Hygrocybe lanecovensis is an Australian mushroom of the waxcap genus Hygrocybe. An endangered species, it is found only at Lane Cove Bushland Park in suburban Sydney.

==Taxonomy==
Hygrocybe lanecovensis was originally collected by Ray and Elma Kearney in Lane Cove Bushland Park in Sydney's suburban Lower North Shore district on 13 June 1998, and officially described by Australian mycologist Tony Young in 1999.

==Description==
It forms a small red mushroom; the cap is a vivid scarlet, convex in shape and is 1–2.3 cm in diameter. Its surface is sticky when young and less so with age. The edges of the cap are very narrowly yellow and crenulated. The thick gills are widely spaced and strongly decurrent. White initially, they can be slightly yellow with age. They can be seen through the edges of the cap. The stipe is 2.5–5 cm tall and 0.2-0.5 cm wide.

===Similar species===
The related Hygrocybe kula, found in Royal National Park as well as Lane Cove Bushland Park, is similar in being red with decurrent gills, but its gills are more creamy and not visible through the cap surface. It has a yellow base to the stem. Hygrocybe miniata mushrooms are red but have adnate rather than decurrent gills.
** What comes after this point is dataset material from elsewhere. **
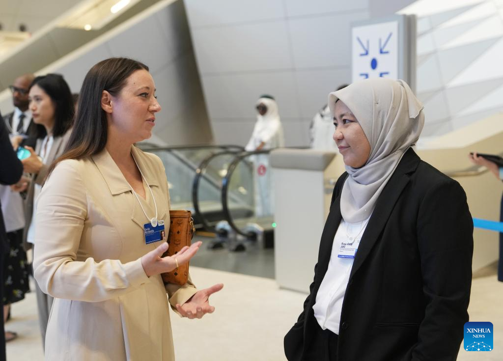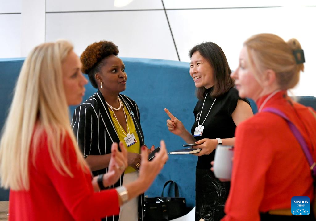 DALIAN, 26 junio, 2024 (Xinhua) -- Imagen del 25 de junio de 2024 de delegadas comunicándose durante el Foro Davos de Verano 2024 en el Centro Internacional de Conferencias de Dalian, en Dalian, en la provincia de Liaoning, en el noreste de China. La XV Reunión Anual de los Nuevos Campeones, también conocida como Foro Davos de Verano, se inauguró el martes, en la ciudad costera de Dalian, en el noreste de China. Con el tema "Próximas fronteras para el crecimiento", el evento, que se celebra del 25 al 27 de junio, reúne a unos 1.700 líderes de los sectores público y privado de casi 100 países y regiones para explorar conjuntamente nuevos motores y vías para el crecimiento económico mundial. (Xinhua/Lu Yang)

==Habitat and distribution==
Fruit bodies appear in sandy soil among leaf litter in wet sclerophyll forest or warm-temperate rainforest in cooler months, with collections recorded in June and August. It was listed by the NSW Government as endangered in 2002. Searches of similar habitat in surrounding areas have failed to locate the fungus, hence Lane Cove Bushland Park remains its only location. It is possibly threatened by pollutants in runoff from surrounding urban areas.